We did try a small vegetable patch when we just moved in, but the ground was so poor and the tomatoes that grew were awful and couldn’t be eaten. I didn’t have any knowledge of anything ‘garden’ at all then. My husband is a keen gardener and has green fingers, but he was really busy at the time, so he wasn’t really able to spend much time in the garden either.

Then, one hot summer day, I was looking at the small ‘courtyard’ garden through the burglar barred window of our room, and thought, no more. I shall plant, and  I shall plant now.  The only thing growing in the garden at the time was lavender. We decided to plant lavender everywhere as it was the only thing loving the sandy soil (that was not retaining any moisture whatsoever), that didn’t need a lot of watering.

So, on this specific day, I was looking at one of the lavender bushes in one of the beds that had died. I grabbed a spade and fork and dug it out. Lots of sweat and blistered hands followed but I was determined. One does not simply dig out a lavender bush that has been established for some years.

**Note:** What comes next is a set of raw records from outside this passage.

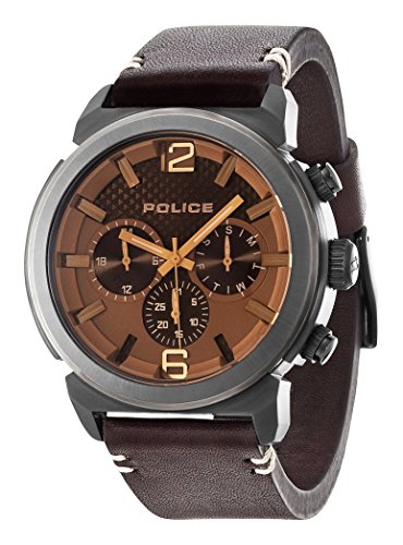 Police, Burbank - Orologio Analogico da Polso, Uomo, Cinturino in Pelle, Marrone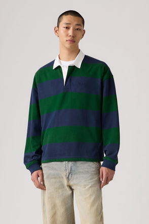 Union Tonal Logo Stripe Rugby Polo In Navy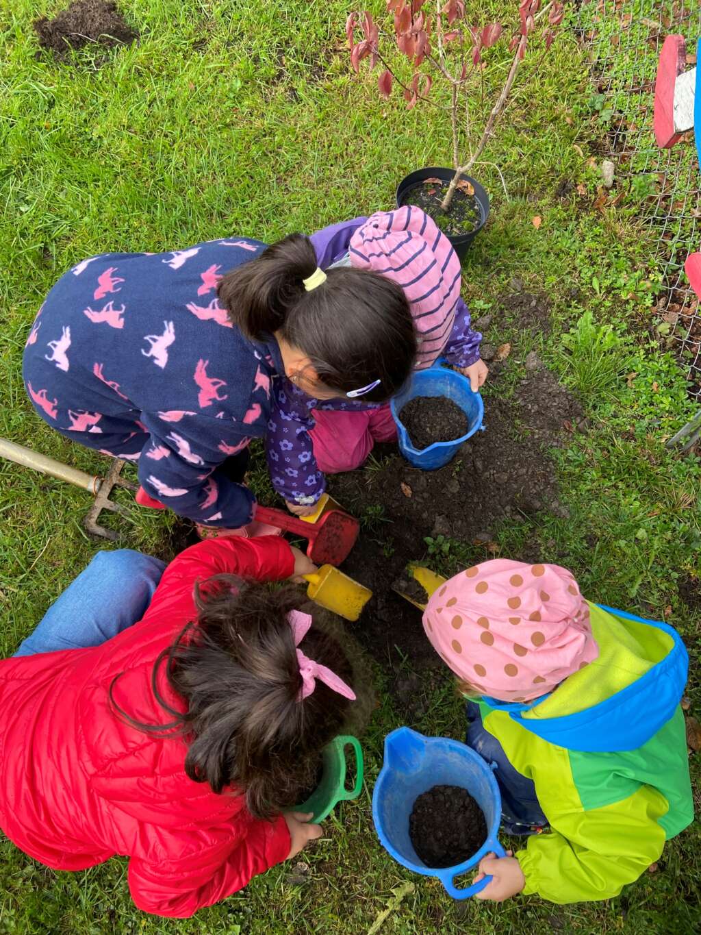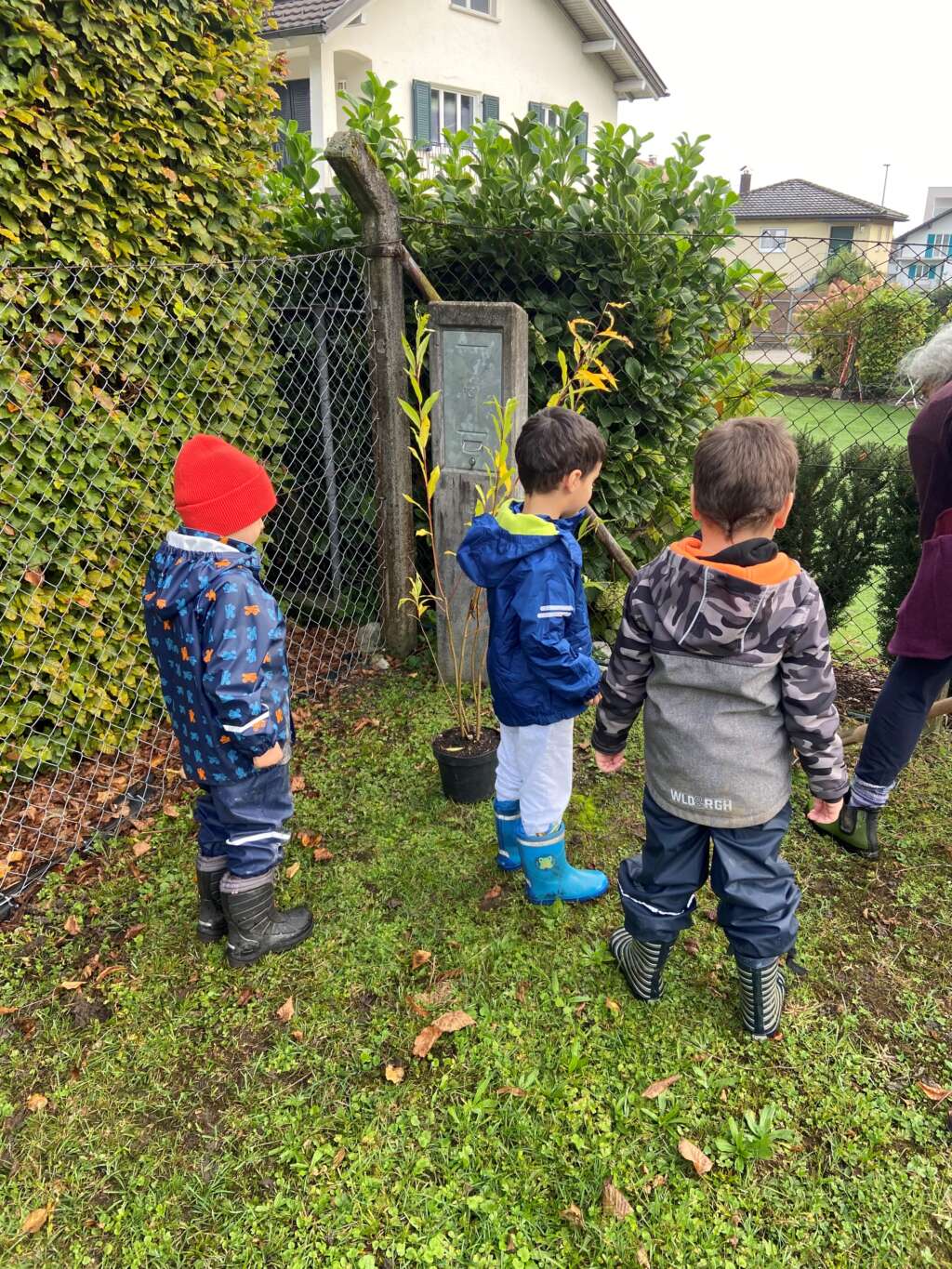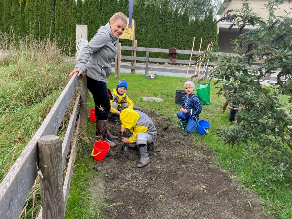 Am Spielgelände des Kindergarten Markts mussten die Kinder mit aller Kraft graben, denn es kamen viele Steine zum Vorschein. Gesetzt wurde eine Weide und ein Kornelkirschenstrauch, heimische Blumen wie Glockenblumen, Malven, Königskerze und wilder Oregano wurden gesät und für die erste Blüte im Frühling Wildtulpen, Krokusse und Traubenhyazinthen in den Boden vergraben.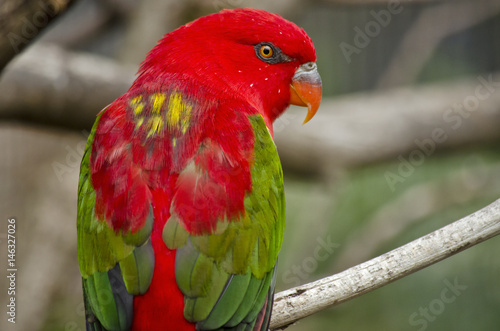 lory, parrot, red, green, closeup, bird, backview, wing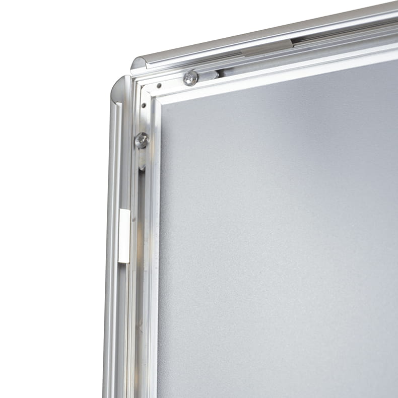 The main feature of the frame is its durability, resistance to corrosion, and lightweight, while its aesthetic appearance highlights the poster presented to potential customers.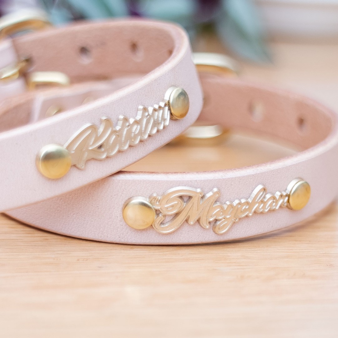 プチサイズの立体彫刻ネームプレート付首輪 おなまえ首輪 本ヌメ革/本革 手仕上げ 真鍮金具 首輪(小型犬・中型犬) A1005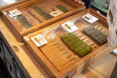 TOKYO, JAPAN - NOVEMBER 06, 2019: Japanese traditional dessert, Mochi sell in Tsukiji outer market in Tokyo, Japan.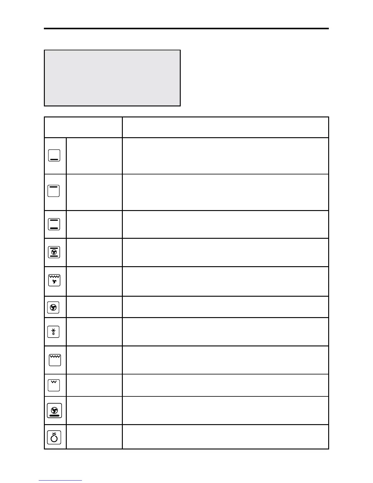 The chart below details all of the functions which are available. Your oven may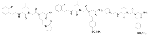 In another embodiment, optionally in combination with one or more features of the various embodiments described above or below throughout all the description, the compound of formula (I) is selected from the group consisting of G79 ([N-(2-(2′-fluorophenyl)ethyl)- glycyl]-[N-(2-methylpropyl)-glycyl]-N-[3-(2′-oxopyrrolidinyl)-propyl]glycinamide, BN201 , Chemical Formula: C25H38FN5O4; MW 491.5987), G-80 ([N-(2-(2′-fluorophenyl)ethyl)- glycyl]-[N-(2-methyl-propyl)glycyl]-N-[2-(4′-sulfamoyl-phenyl)ethyl]glycinamide, BN 119, Chemical Formula: C26H36FN5O5S; MW 549.658) and G81 ([N-(2-(1 -pyrrolidinyl)ethyl)- glycyl]-[N-(2-methyl-propyl)glycyl]-N-[2-(4′-sulfamoyl-phenyl)ethyl]glycinamide, BN 120, Chemical Formula: C24H4oN6OS; MW 524.6766):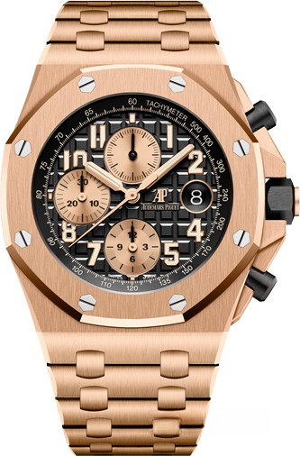 Часы Audemars Piguet Royal Oak Offshore Chronograph 42mm выпущены в корпусе из розового золота 18к размером 42 х 14.6 мм и водонепроницаемостью 100 м. Внутри корпуса установлен автоматический механизм, Калибр 3126/3840, обладающий запасом хода 50 часов. На черном 'Mega Tapisserie' с золотистым циферблате отображаются часы, минуты, секунды, дата, накопители хронографа. Запас хода 50 часов. Часы комплектуются браслетом из розового золота 18к.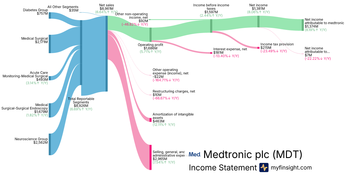 | Net income attributable to medtronic | 1,374 | 1,040 | 1,294 | 1,270 |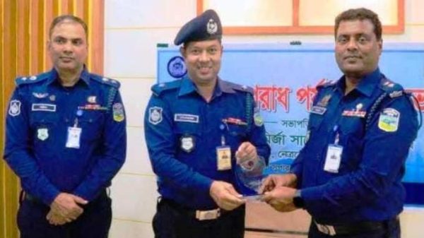 নেত্রকোনায় মাসিক অপরাধ পর্যালোচনা সভায় শ্রেষ্ঠ ওসি কাজী শাহনেওয়াজ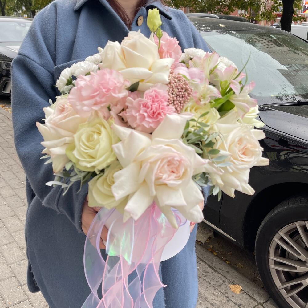 Нежная шикарная композиция порадует и удивит родных .Сочетание самых нежных роз произведёт самые приятные впечатления !Уважаемые покупатели! Пожалуйста обратите ваше внимание на размер композиции при заказе! Он учитывается вместе с упаковкой Чтобы наши прекрасные композиции дольше радовали получателя рекомендуем вам:⭐Не вынимать цветы из коробки/корзинки⭐Поливать композицию каждый день (воду нужно вливать в центр, чтобы вода правильно распределилась) ⭐Не ставить цветы у отопительных приборов и на сквозняке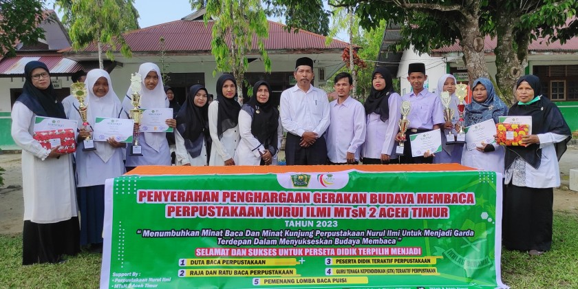 Idi-MTsN 2 Aceh Timur [13/03/2023] --- Perpustakaan Nurul Ilmi Madrasah Tsanawiyah Negeri (MTsN) 2 Aceh Timur menyerahkan piagam penghargaan kepada peserta lomba baca puisi antar kelas dan peserta didik yang terpilih sebagai duta, raja dan ratu baca perpustakaan serta peserta didik dan guru tenaga kependidikan (GTK) teraktif perpustakaan di lapangan utama MTsN 2 Aceh Timur, Senin (13/03/23).
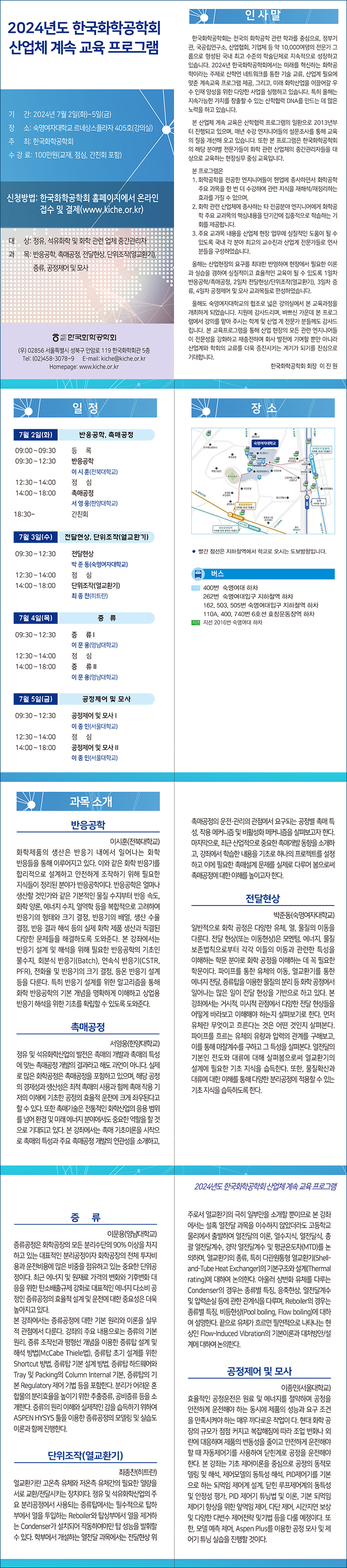 일 시 : 2024년 7월 2일(화)~5일(금) 장 소 : 숙명여자대학교 주 최 : 한국화학공학회 수 강 료 : 100만원(교재, 점심, 간친회 등 포함)

The following day I took photos of my garden beds (which were now empty) and drove to a nearby nursery, which specialises in exotic plants. The lady was eager to help me plan my garden, but the moment she saw what my ground looked like, she sent me away with four bags of chicken manure. She refused to sell me any plants, as she said they would only die due to my poor ground condition. And so started my relationship with ground. I followed her instructions and had to wait three weeks for the manure to do it’s job. But it was so worth it. I planted clivias, yesterday-today-and-tomorrow, a geranium and a hydrangea. I then pulled out Jane’s Delicious Garden, which I had received as a gift but up until then it had only served as a pretty coffee table book. From the the first chapter, I was hooked. I started reading the book from beginning to end, underlining and researching.

I started a compost heap in the corner of the garden and attempted growing my first vegetables. Well, you can’t really call them vegetables. They were leafy things, like herbs, spinach, kale and lettuce. But they grew beautifully.

And then, I found the first one: AN EARTHWORM.  Now, before, I thought earthworms were mainly used for fishing purposes. But the moment I found the first earthworm in my garden bed, I knew I was doing something right. Because I had learned that: Earthworms = beautiful nutritious soil = healthy delicious leaves.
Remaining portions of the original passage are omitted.